• [SUPPLIED DATA]:
────────────────────────────────────────
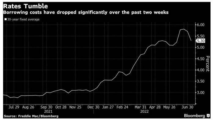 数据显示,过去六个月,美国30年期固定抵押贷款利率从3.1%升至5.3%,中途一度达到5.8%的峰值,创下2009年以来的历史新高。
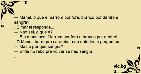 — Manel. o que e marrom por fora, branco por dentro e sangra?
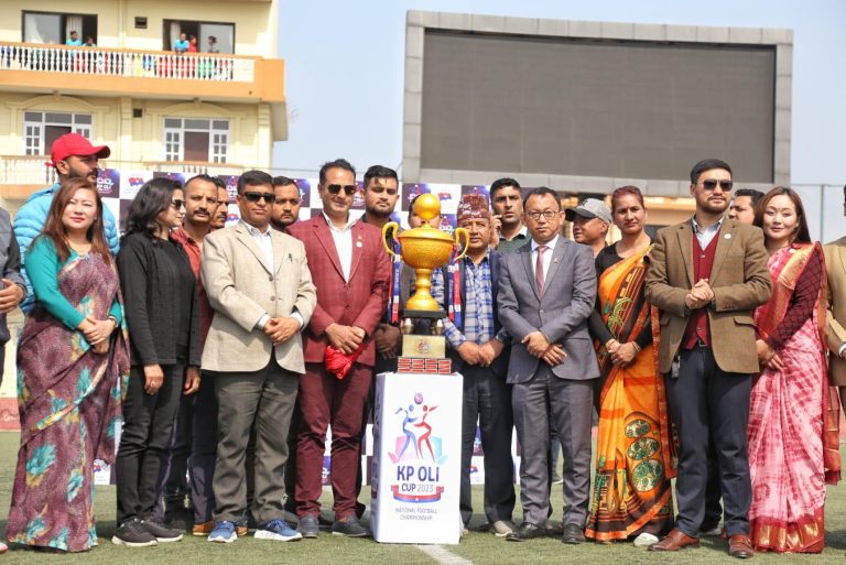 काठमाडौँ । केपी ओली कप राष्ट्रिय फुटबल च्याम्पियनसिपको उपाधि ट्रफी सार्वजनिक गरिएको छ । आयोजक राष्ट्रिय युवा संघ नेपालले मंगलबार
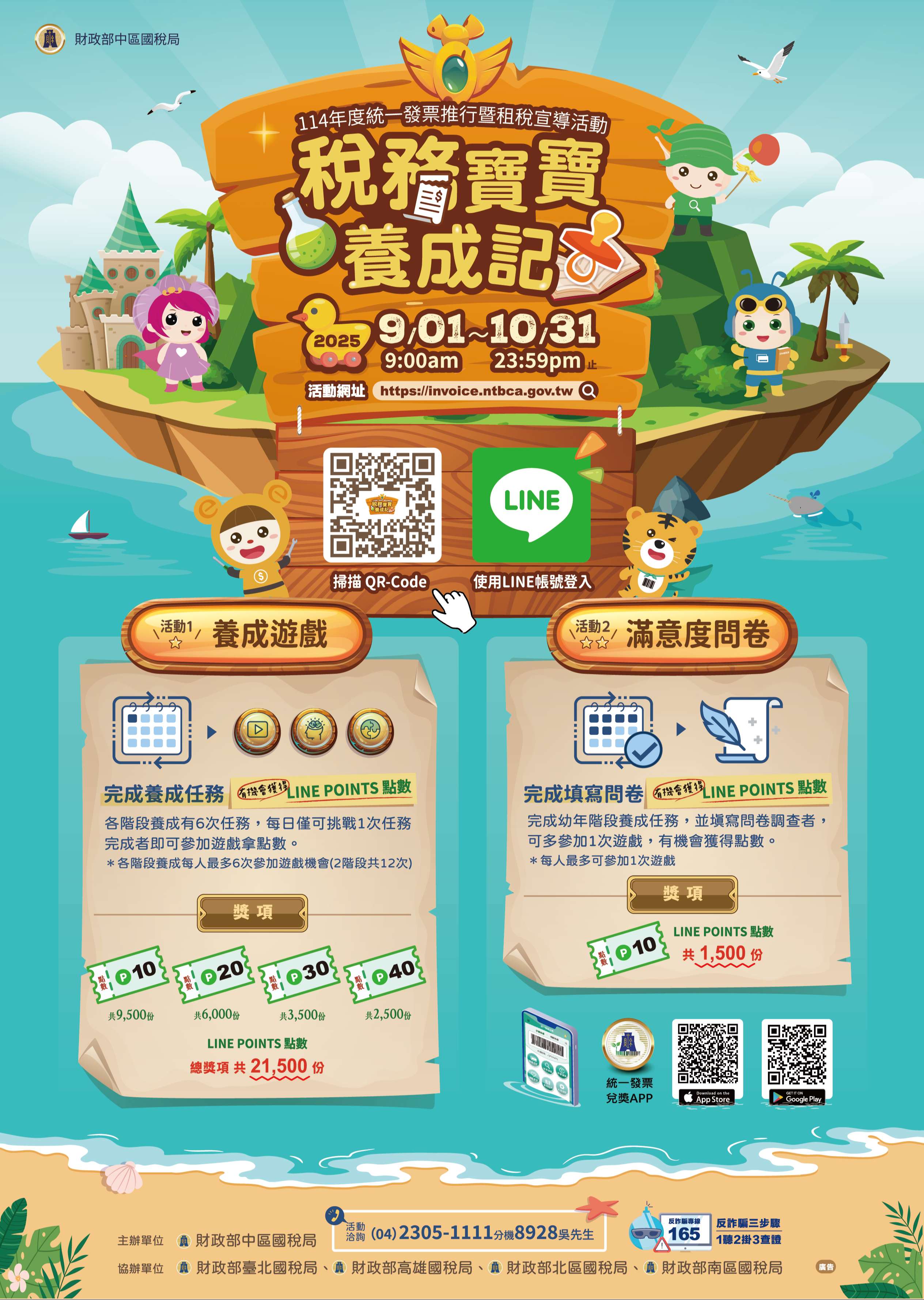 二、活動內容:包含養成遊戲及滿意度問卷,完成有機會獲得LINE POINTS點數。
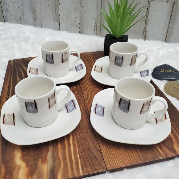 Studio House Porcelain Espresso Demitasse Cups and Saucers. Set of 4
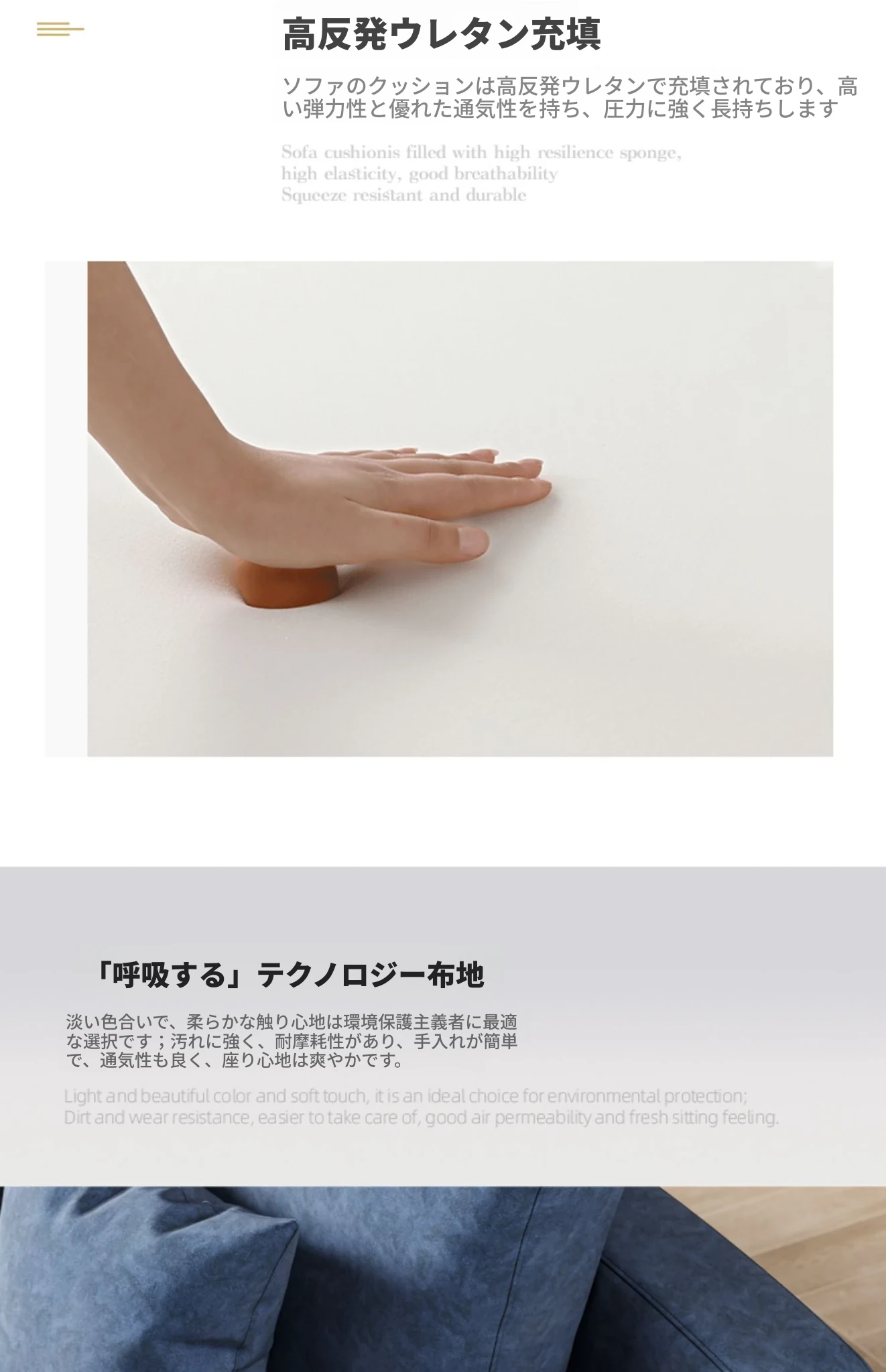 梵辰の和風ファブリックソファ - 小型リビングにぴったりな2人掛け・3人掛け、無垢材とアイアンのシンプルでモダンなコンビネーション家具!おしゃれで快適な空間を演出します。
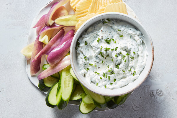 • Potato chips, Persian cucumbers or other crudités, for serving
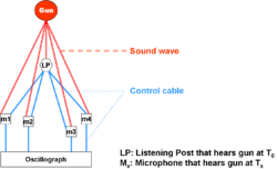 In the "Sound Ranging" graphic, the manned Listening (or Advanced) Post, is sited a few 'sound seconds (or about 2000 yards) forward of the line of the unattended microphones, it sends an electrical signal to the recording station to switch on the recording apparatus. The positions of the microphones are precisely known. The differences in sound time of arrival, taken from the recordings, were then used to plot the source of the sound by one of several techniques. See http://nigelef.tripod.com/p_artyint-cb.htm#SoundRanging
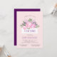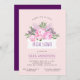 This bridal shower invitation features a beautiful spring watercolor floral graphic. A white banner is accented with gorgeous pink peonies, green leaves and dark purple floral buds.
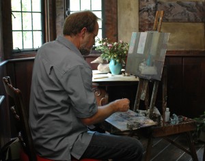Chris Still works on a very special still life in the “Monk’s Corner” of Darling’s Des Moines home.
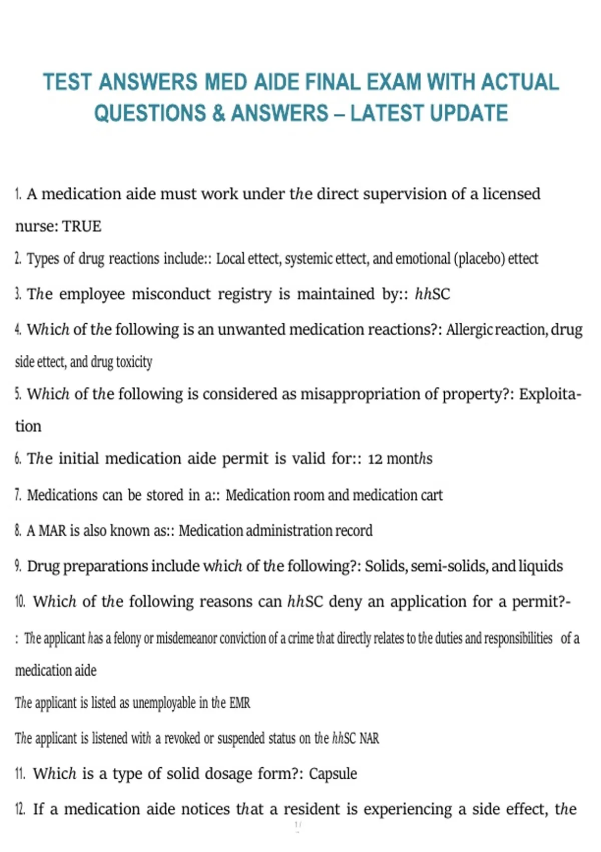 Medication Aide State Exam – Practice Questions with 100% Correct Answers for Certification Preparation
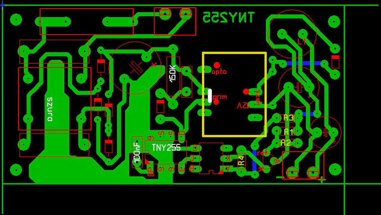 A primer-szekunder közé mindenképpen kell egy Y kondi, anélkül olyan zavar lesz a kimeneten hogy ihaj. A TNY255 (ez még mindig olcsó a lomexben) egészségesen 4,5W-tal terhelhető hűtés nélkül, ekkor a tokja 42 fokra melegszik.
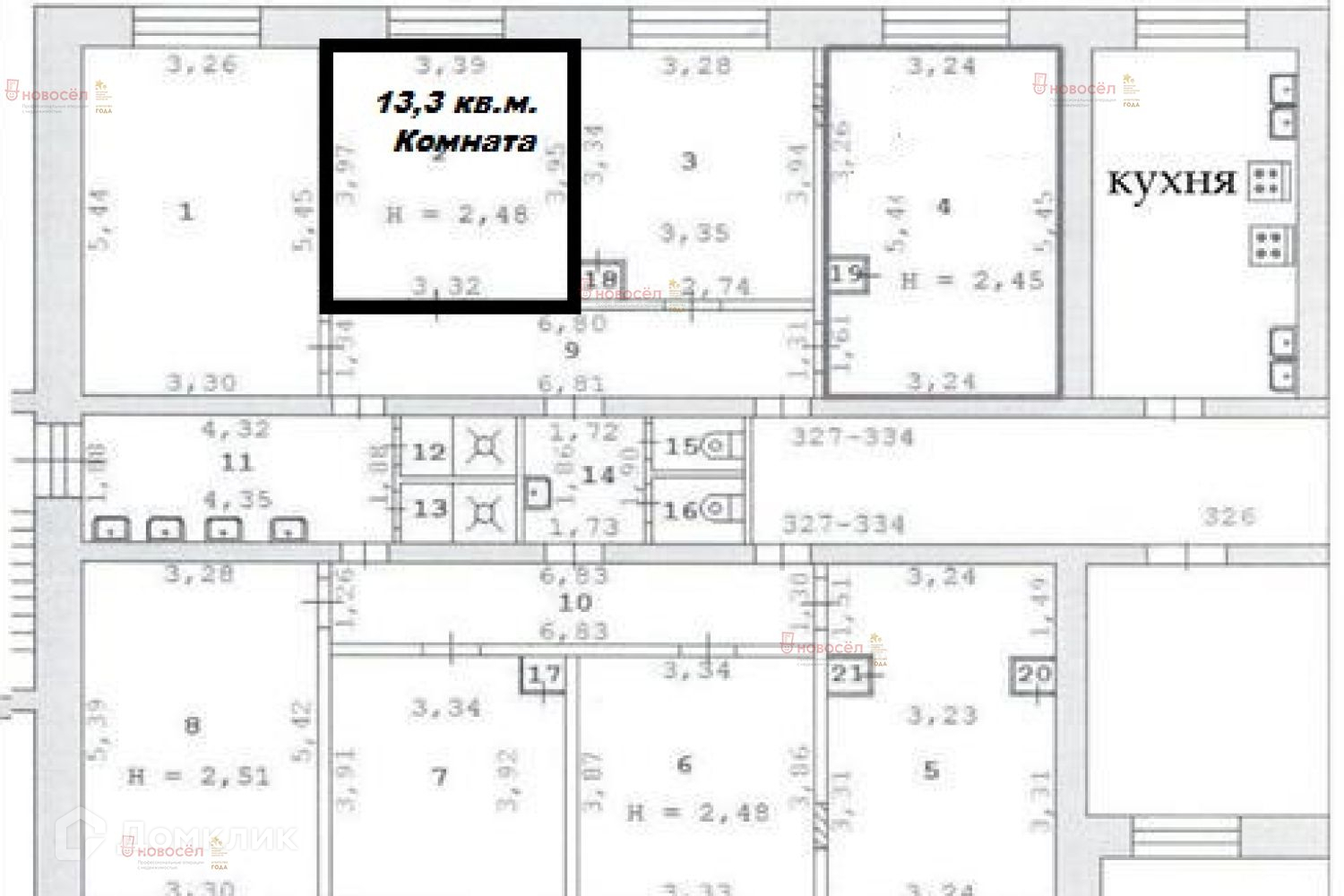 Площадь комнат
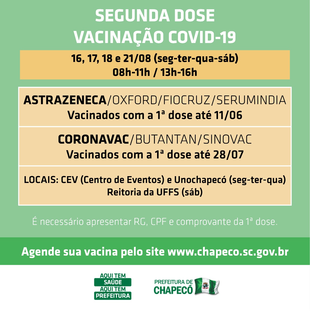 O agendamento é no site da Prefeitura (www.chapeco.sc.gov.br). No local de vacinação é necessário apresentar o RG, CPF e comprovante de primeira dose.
────────────────────────────────────────
Your copy should consist only of the lines from the line holding "Площадь комнат" through the final line of the listing above, both included, with all pictures omitted.

• [ANSWER TO THIS EXERCISE]:
 Площадь комнат
 O agendamento é no site da Prefeitura (www.chapeco.sc.gov.br). No local de vacinação é necessário apresentar o RG, CPF e comprovante de primeira dose.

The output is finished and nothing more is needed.